- SOURCE RECORDS:
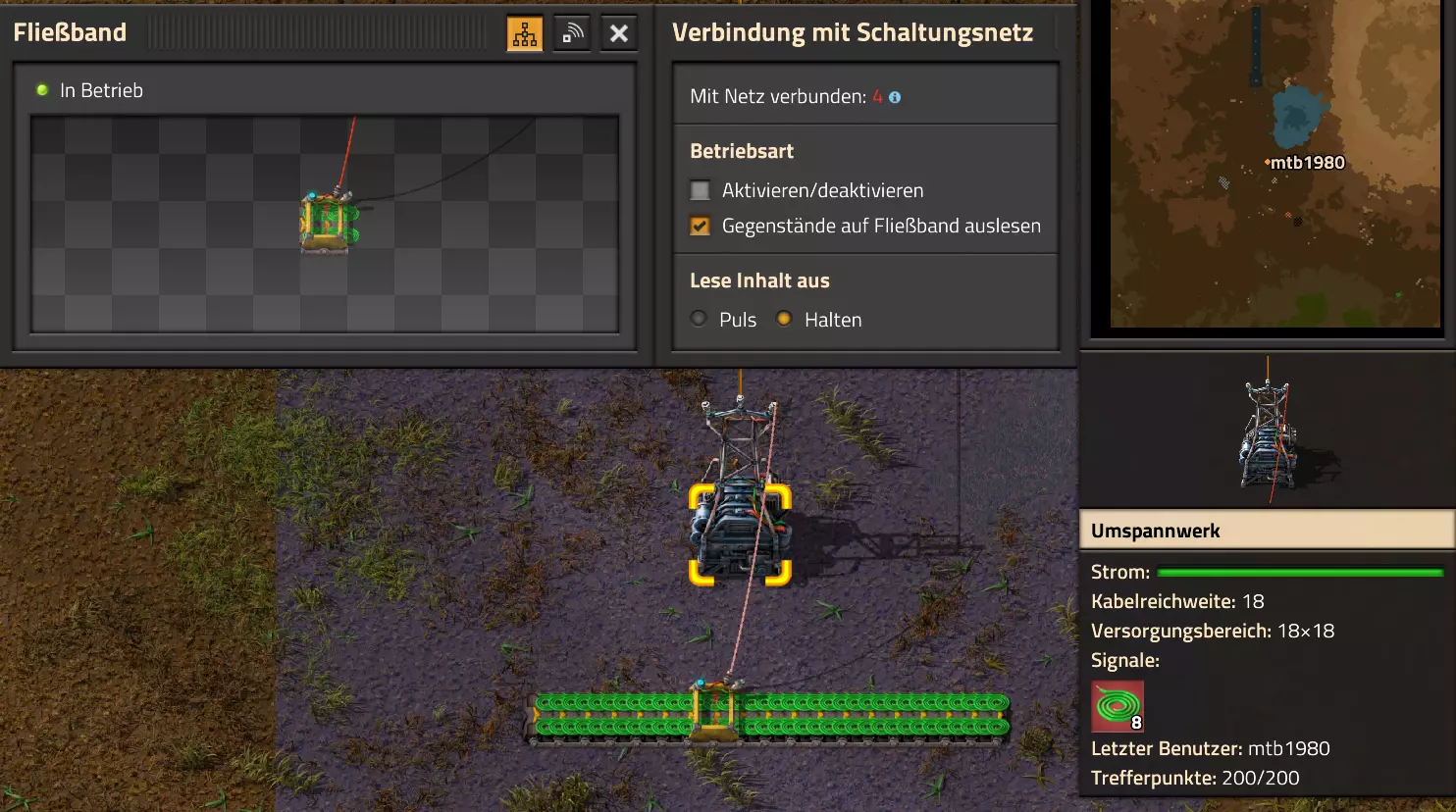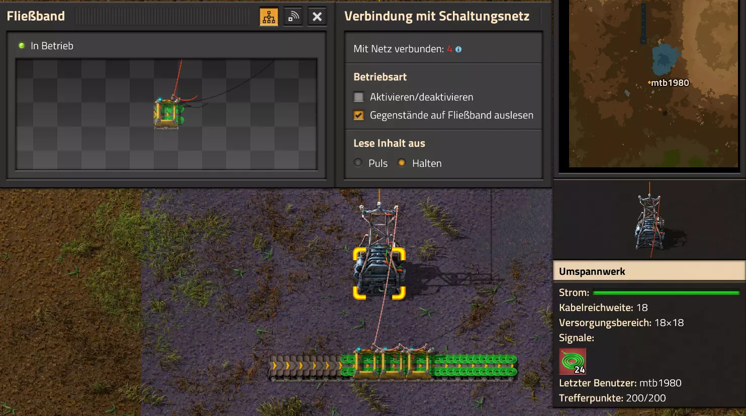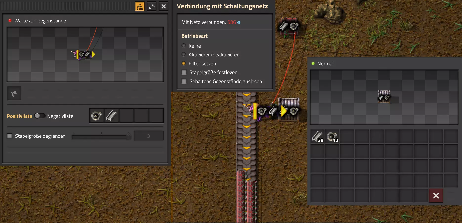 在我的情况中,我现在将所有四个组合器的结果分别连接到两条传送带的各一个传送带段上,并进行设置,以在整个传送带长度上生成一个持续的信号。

--

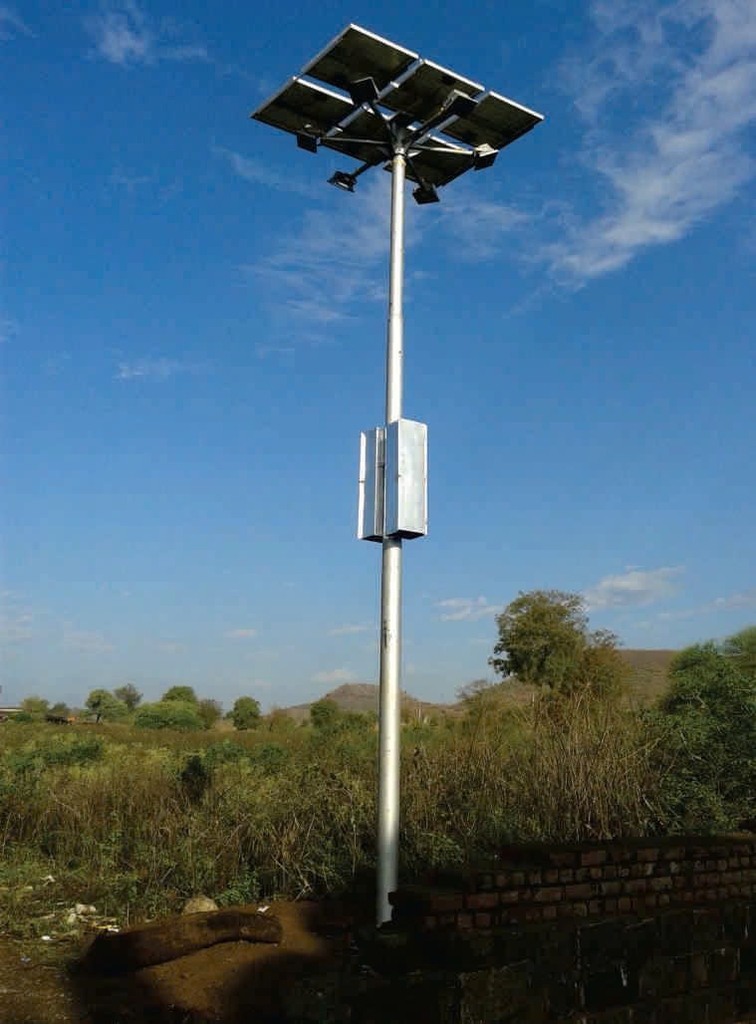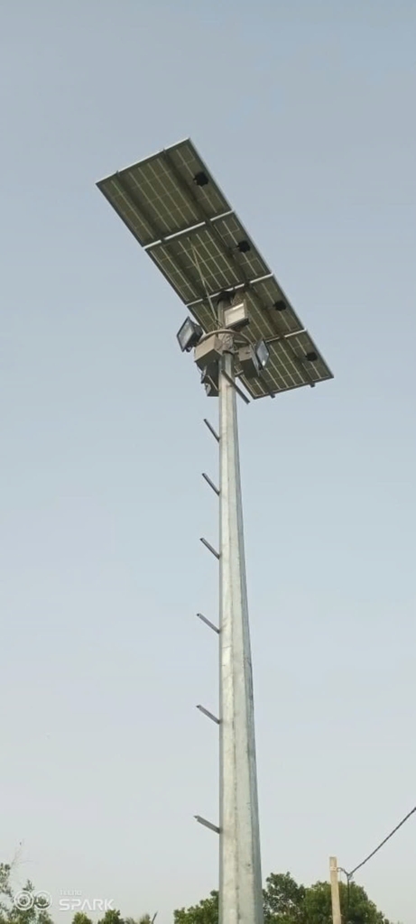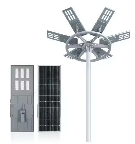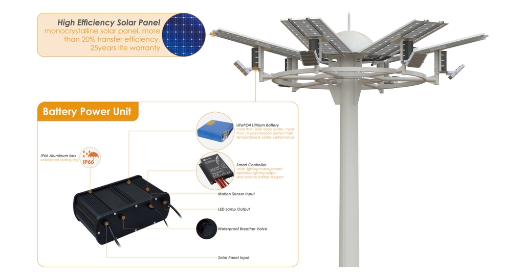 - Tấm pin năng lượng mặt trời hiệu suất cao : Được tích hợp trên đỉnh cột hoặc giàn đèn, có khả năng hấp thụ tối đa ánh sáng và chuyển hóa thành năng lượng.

* * *

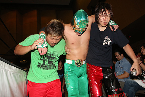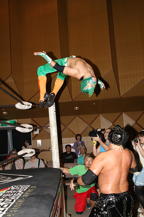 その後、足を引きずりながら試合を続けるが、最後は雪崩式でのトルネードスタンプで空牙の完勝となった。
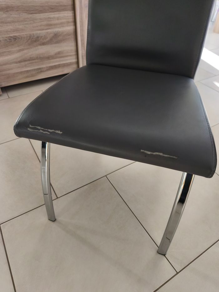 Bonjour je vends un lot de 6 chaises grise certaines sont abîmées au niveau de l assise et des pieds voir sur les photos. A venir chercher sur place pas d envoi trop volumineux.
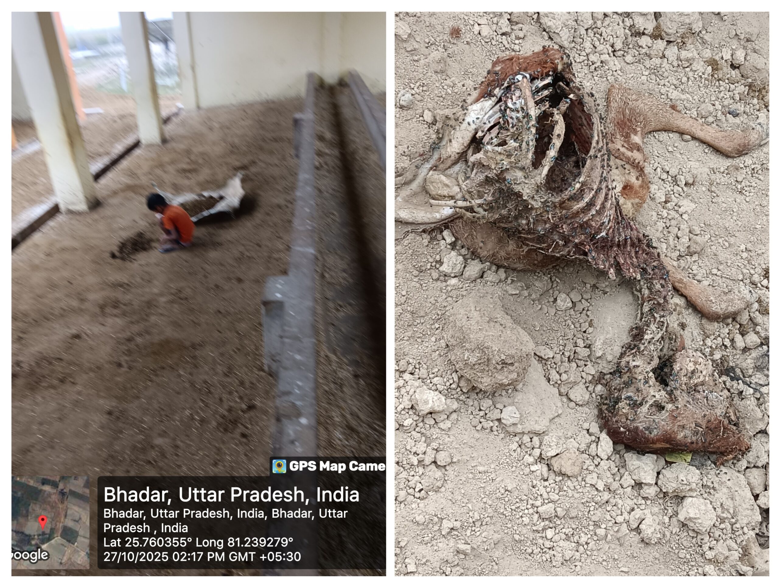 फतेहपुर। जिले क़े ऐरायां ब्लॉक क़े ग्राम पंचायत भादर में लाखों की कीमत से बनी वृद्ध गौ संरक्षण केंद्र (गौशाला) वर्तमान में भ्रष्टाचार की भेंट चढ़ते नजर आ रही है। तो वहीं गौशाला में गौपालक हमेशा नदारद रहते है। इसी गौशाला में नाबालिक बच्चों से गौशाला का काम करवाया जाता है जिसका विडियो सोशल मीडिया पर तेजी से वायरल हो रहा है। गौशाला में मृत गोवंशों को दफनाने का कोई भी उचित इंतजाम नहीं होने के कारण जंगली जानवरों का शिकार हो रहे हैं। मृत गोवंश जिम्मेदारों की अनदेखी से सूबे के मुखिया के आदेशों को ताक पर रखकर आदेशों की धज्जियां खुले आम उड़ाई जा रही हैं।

- TASK DIRECTIONS: From the records above, copy only the lines running from the line containing "その後、足を引きずりながら試" to the line containing "Bonjour je vends", both ends included. Leave the pictures out.

- SOLUTION TO THE EXERCISE:
 その後、足を引きずりながら試合を続けるが、最後は雪崩式でのトルネードスタンプで空牙の完勝となった。
 Bonjour je vends un lot de 6 chaises grise certaines sont abîmées au niveau de l assise et des pieds voir sur les photos. A venir chercher sur place pas d envoi trop volumineux.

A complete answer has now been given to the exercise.